Bringing me to the question of the hour, day, week, month, year, decade, life- What the fuck am I doing?
If I measure my accomplishments, I have the sudden urge to piss like a scared dog. I think to myself, “Have you really just existed this entire time? Is this what you’re supposed to be doing? Doesn’t life have a supreme purpose for you?!” Maybe it does, maybe it doesn’t- who really knows? But the overwhelming feeling of missing something is telling me it’s time for another change. When I’ve felt like this in the past, my aspirations just sort of dissolved. I’m not really motivated to do anything about how I feel. The path to change has too many moving pieces. It sort of feels like looking through binoculars backwards. Looking some insurmountable Change Monster in the face (life) is a bit intimidating from time to time.

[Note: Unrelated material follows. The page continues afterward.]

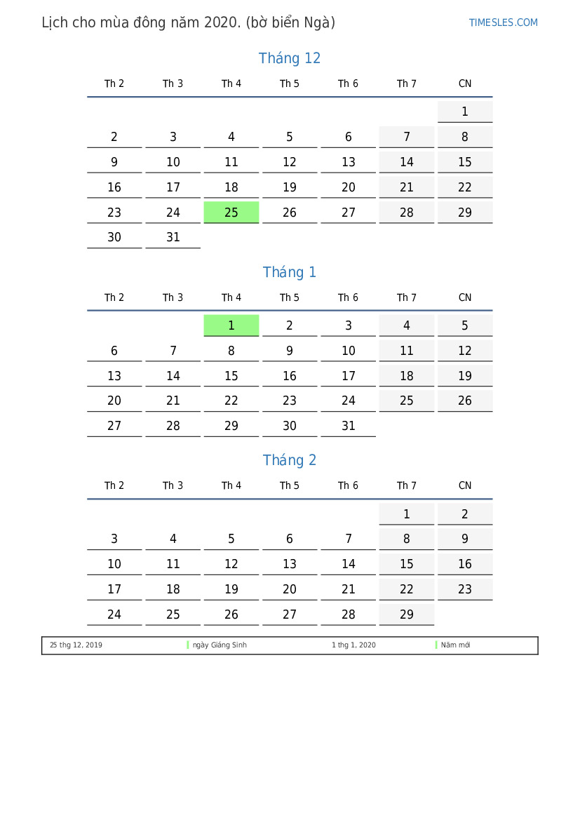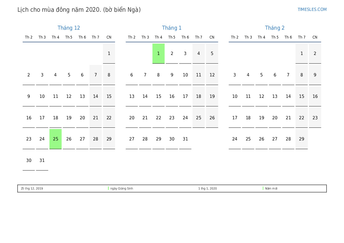Tải xuống và in lịch PDF với các ngày lễ và cuối tuần cho mùa đông năm 2020 cho Cote d'Ivoire

But, like many times before, an epiphany rummages its way through grey seas of thought and smacks me in the face. “Do something different, De Luca. Come off it and be the optimist.” This will normally tithe me until I can get busy enough not to think about the pile of shit I am currently trudging through. Though today, the point was a little more concise: To do what you are really wanting to do, you’re going to have to go back to college. I’ve really tried very hard to avoid going back. College was the first thing I really failed at in life. Subsequent failures attributed- it’s like a giant, campus-shaped stain on a freshly pressed white shirt (from the tailored shirts I still have in the closet) that will never go away. For me, it’s an embarrassment.
4.6 years later, I am tired of running from embarrassment. Running from embarrassment makes you bitter and fickle and a child. Sometimes, it takes a good one on the chin to get your head straight. Not the motivator board, life’s lemonade bullshit- but a genuine “This is what I am supposed to be doing at this point in my life” straight. For me, that was this morning at 5:44 am. So the next time I ask myself “What the fuck am I doing?” the answer will be “The things you need to do.”
I could be completely crazy having conversations with myself. But at least I feel like there is a little bit of light at the end of the tunnel.